Attorney General Jeff Sessions made headlines when it was revealed he met with a Russian ambassador before the election. Now, he's asking for a large number of United States attorneys to leave their positions as President Donald Trump's Administration continues to transition. Why did Jeff Sessions ask 46 U.S. attorneys to resign?

Attorney General Jeff Sessions wants 46 United States attorneys who were appointed during the Obama Administration to resign, USA Today reported on Friday. Of the 93 U.S attorney posts, 53 attorneys appointed by Barack Obama have already left their positions. The 46 prosecutors who have remained in their positions have been asked to leave “in order to ensure a uniform transition,” Justice Department Spokeswoman Sarah Isgur Flores said in a statement.

Obviously, that transition won't be exactly smooth if the attorneys working under Sessions were appointed by Obama, a president whose policies (and overall demeanor) are radically different than the current administration's.
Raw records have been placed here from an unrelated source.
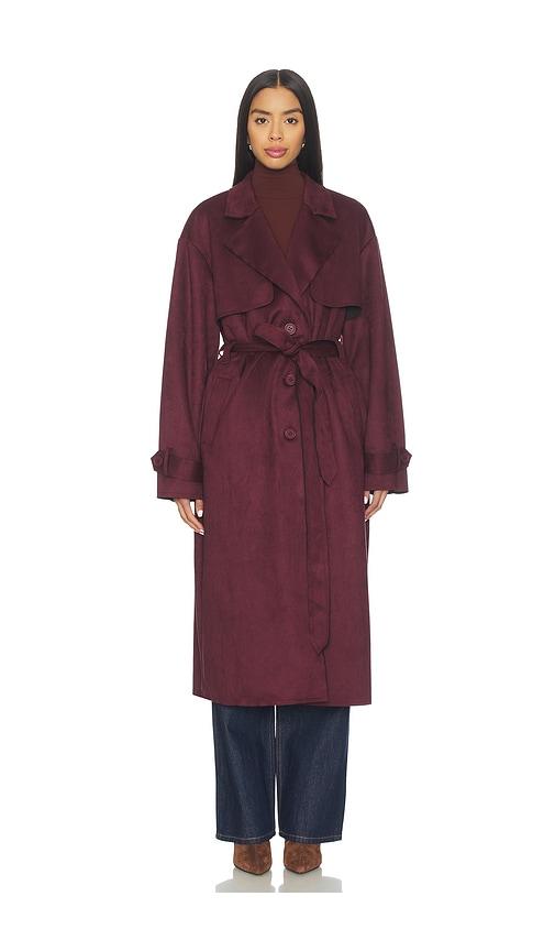 ALL THE WAYS MOXIE FAUX SUEDE COAT IN WINE.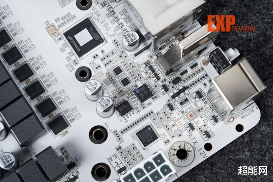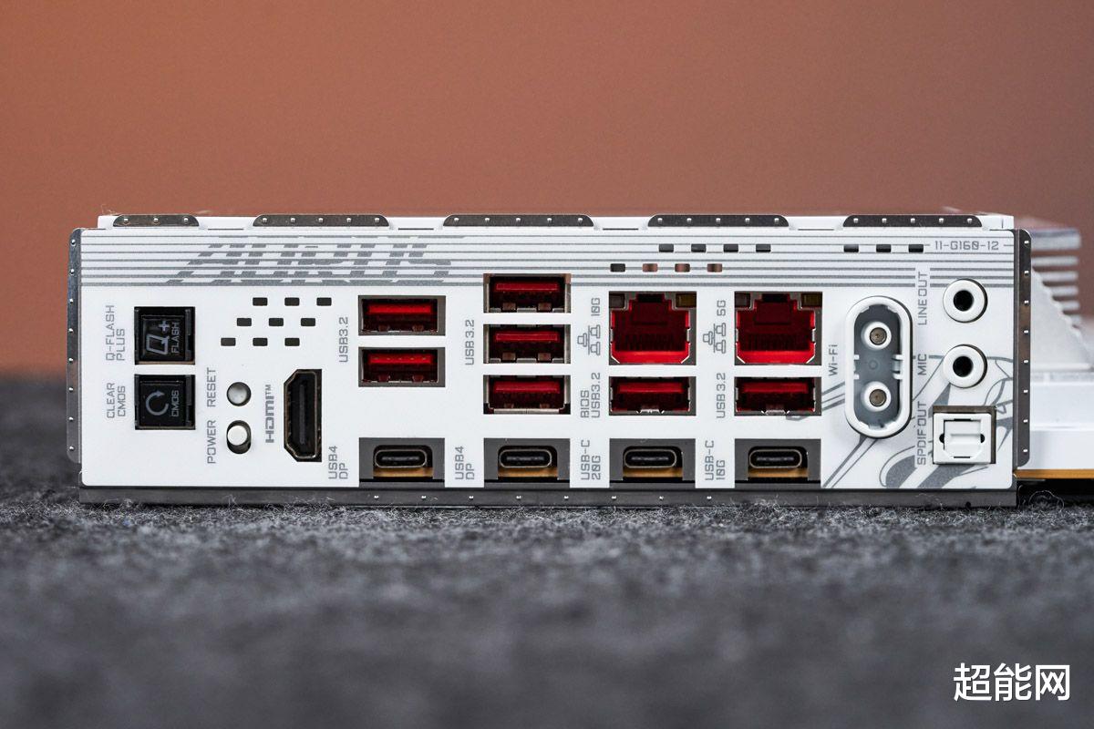 背板I/O这里加起来一共有11个USB口,包括2个USB4 Type-C口,这两个接口是由ASMedia ASM4242芯片提供的,可支持DP 1.4,支持最高3840x2160@240Hz。此外还有1个USB 20Gbps Type-C口,1个USB 10Gbps Type-C口,7个USB 10Gbps Type-A口,1个HDMI 2.1口,可支持最高4096x2160@60Hz。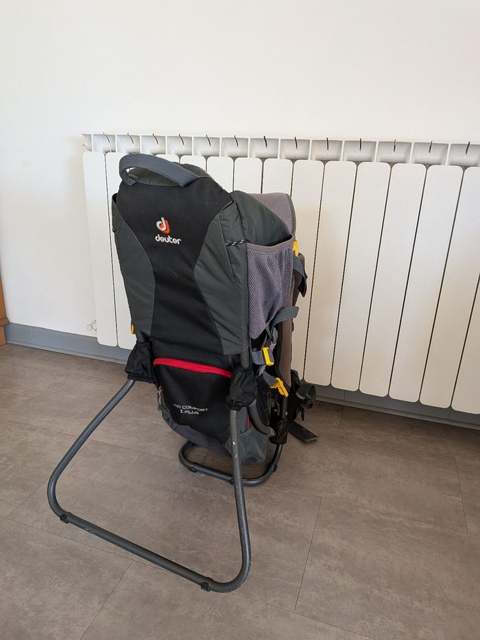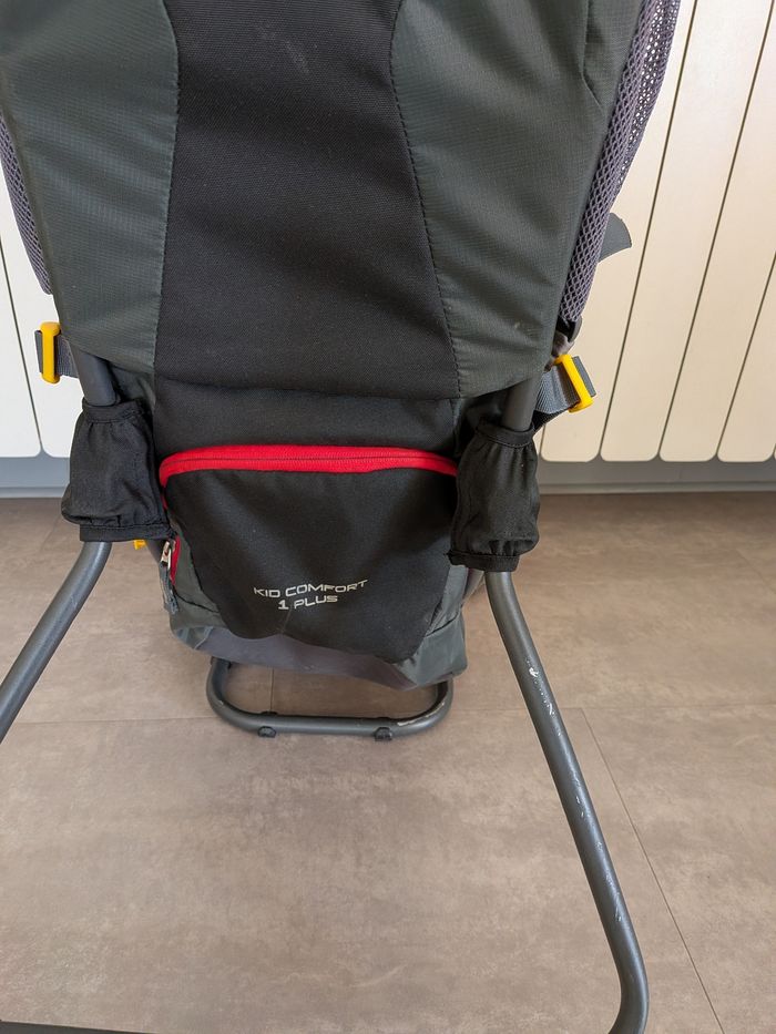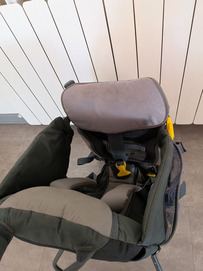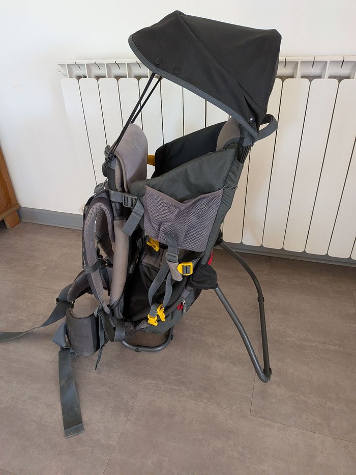 spécial randonnée Enfant jusqu'à 18 kilos + 4 kilos de charge Harnais 5 points d'attache. Entrée latérale, hauteur/longueur bretelles réglables,siège renforcé et réglable Dos ventilé, dos et bretelles réglables, sangle poitrine, repose mains. Poids 2,3 kg Très bon état

TIME reported that the Justice Department said Session's request is not that different from previous presidential transitions.

But while it's actually normal for attorneys to leave their posts when the new administration begins, the Obama Administration allowed attorneys appointed by President George W. Bush to remain until Obama's picks were confirmed.

There is one attorney who is part of this group but isn't actually an Obama appointee. That would be Maryland's Rod Rosenstein, who was actually chosen by Bush and stayed in his position for the entire Obama Administration, The Washington Post reported. He is up to become the U.S. deputy attorney general.

Isgur Flores told The Washington Post that once the previous administration's attorneys leave, the open positions will be filled by career prosecutors.

Until the new U.S. attorneys are confirmed, the dedicated career prosecutors in our U.S. attorney’s offices will continue the great work of the department in investigating, prosecuting and deterring the most violent offenders.

United States attorneys represent the federal government in both district court, which decides civil and criminal cases, and the court of appeals, which decides appeals from the district courts.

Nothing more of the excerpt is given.